The girl is close enough that I can reach out through the bars to pull the hair back. As I do she turns, looking out at me with eyes replaced by burnished glass lenses and focus dials with copper grips. She adjusts them, tilts her head curiously, and as she speaks I echo with her your first words to me. Do you think you could try to run quieter? You’re upsetting the teal. I had sat down with you on the bench, my runners silenced on the velvet grass, and waited for an hour until you had finished your notes. Then, as I closed my eyes, realising the beauty and stillness of the lake, you packed up and left without a word, without a number.

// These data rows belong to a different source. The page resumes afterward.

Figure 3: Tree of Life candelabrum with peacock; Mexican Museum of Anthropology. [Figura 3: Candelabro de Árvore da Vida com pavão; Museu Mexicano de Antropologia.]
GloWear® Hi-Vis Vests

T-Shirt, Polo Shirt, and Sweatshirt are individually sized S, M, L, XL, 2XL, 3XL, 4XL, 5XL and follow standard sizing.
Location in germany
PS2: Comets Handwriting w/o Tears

The lenses dim and I close the curtains gently. The middle cage is revealed with a tug of the rope’s frayed end. Standing within is a girl, close to a woman now, with blonde hair that rises in an aggressive ponytail. Her breasts jut out proudly above a sports bra, and her legs are an assembly of clockwork and dials, humming slightly with contained strength. This is the second time we crossed paths. It was at the same lake, though you were anything but sitting down. The birds had long since flown, and the lake was a mirror, set in an arrangement of emerald grass dotted with tiny diamond dew drops. You passed me three times, overtaking the lumber of my drink-sore body, each time looking over your shoulder to check my reaction. The fourth time I sped up, pushing my body to bursting point and painting the edges of my vision red with the effort required to match your charging pace. Two whole laps I completed before I fell, faint with tinges of black overtaking the red, crushing diamonds beneath the heaving of my chest.
The girl in front of me smirks and repeats your next words to me. You’ll never be able to catch me if you can’t even keep up. I say now what I could not then, when my voice was taken from me by my lungs’ desperate action. You are not one to be caught. She laughs and laughs and I pull the curtains closed before moving to the final cage.

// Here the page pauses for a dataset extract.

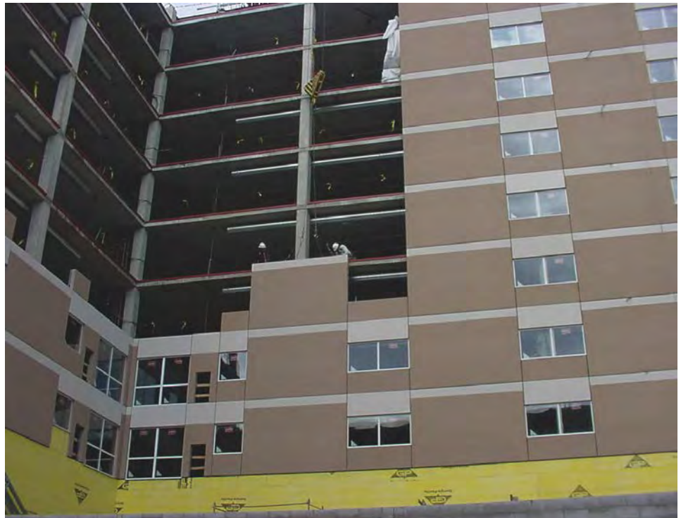
Different-sized panels can be installed, completely finished, to enclose the building quickly and efficiently.

When walls are prefabricated, the fabricator's custom engineer each wall using only
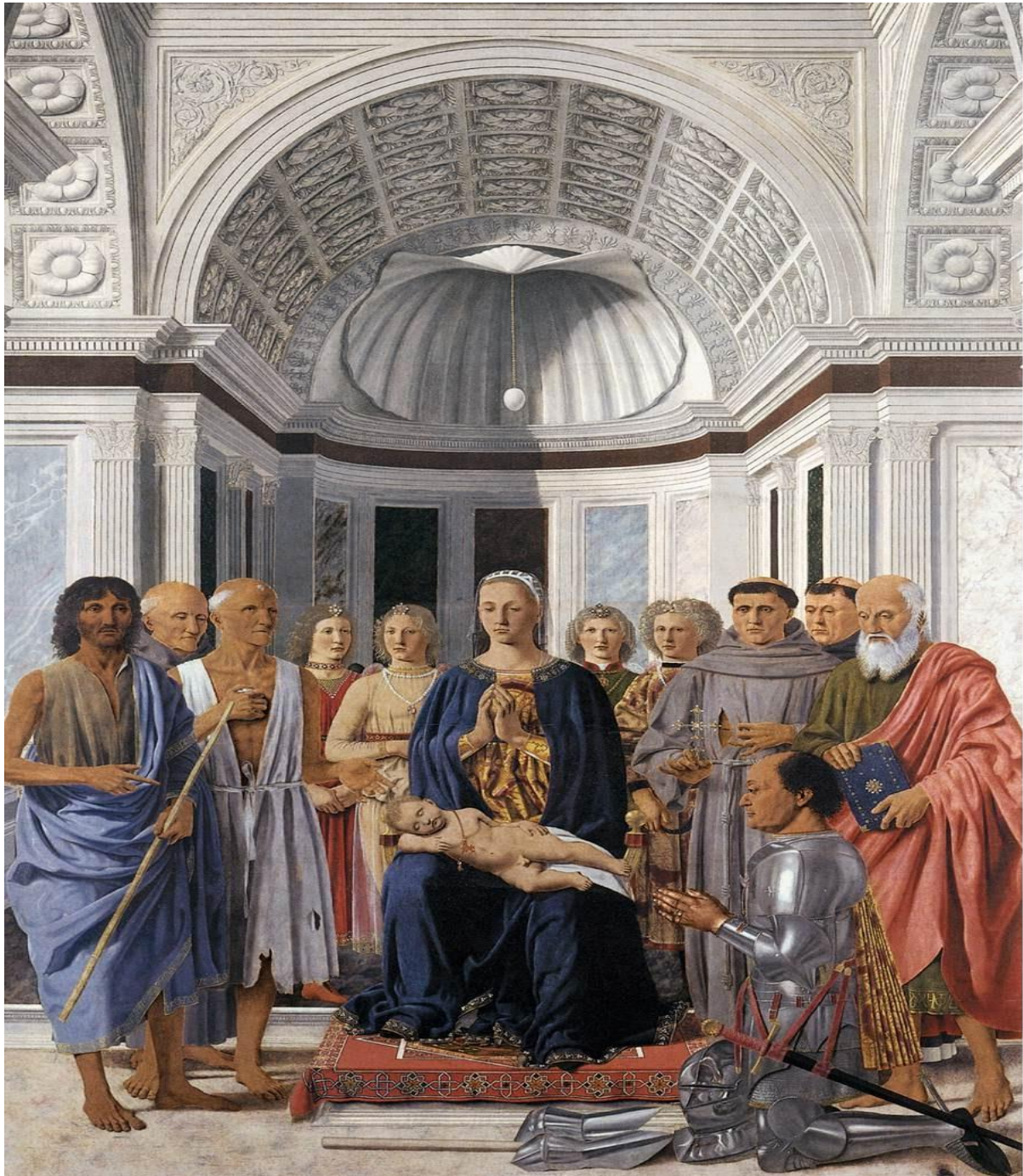
The Pala Montefeltro (1472-74). Piero della Francesca. Pinacoteca di Brera, Milan.

A woman sits on a stool, black hair sliding straight past her shoulders. I remember now how you wore it like a widow wears her veil. I do not know what it was that you were grieving, but you stood in the grass by the lake, shivering below layers of silk and cotton. I came to your side and waited for you to speak. When you did, it was with a voice filled with relief and happiness. Noticing my confusion at your tone, you explained. The world is a whole lot warmer with someone, even a stranger, standing beside you. The woman in front of me stares directly into my eyes as she shifts the layers of her dress aside. Embedded in her chest is a wooden door; with a click she unhinges it to show me a gap where a pump must have connected the valves that gas sadly in its absence. There is no hesitation in my movements as I open my shirt to reveal a similar door. Where her gap would be sits a heart-shaped fitting made out of brass, with two filtered tubes either end and a grated window in the centre. The latches release and I pass the fitting through the bars. It fits smoothly into her chest, a ruby glow shines through the grate, and she pushes the door closed again before smiling a small smile at me. The final curtain closes and I turn to leave, light with the absence of a broken heart. When I pass through the exit door I find myself back at the train station. I look back to try and catch a glimpse of your broken former selves but the fairgrounds are gone, and there is only the click-clack of the approaching carriages.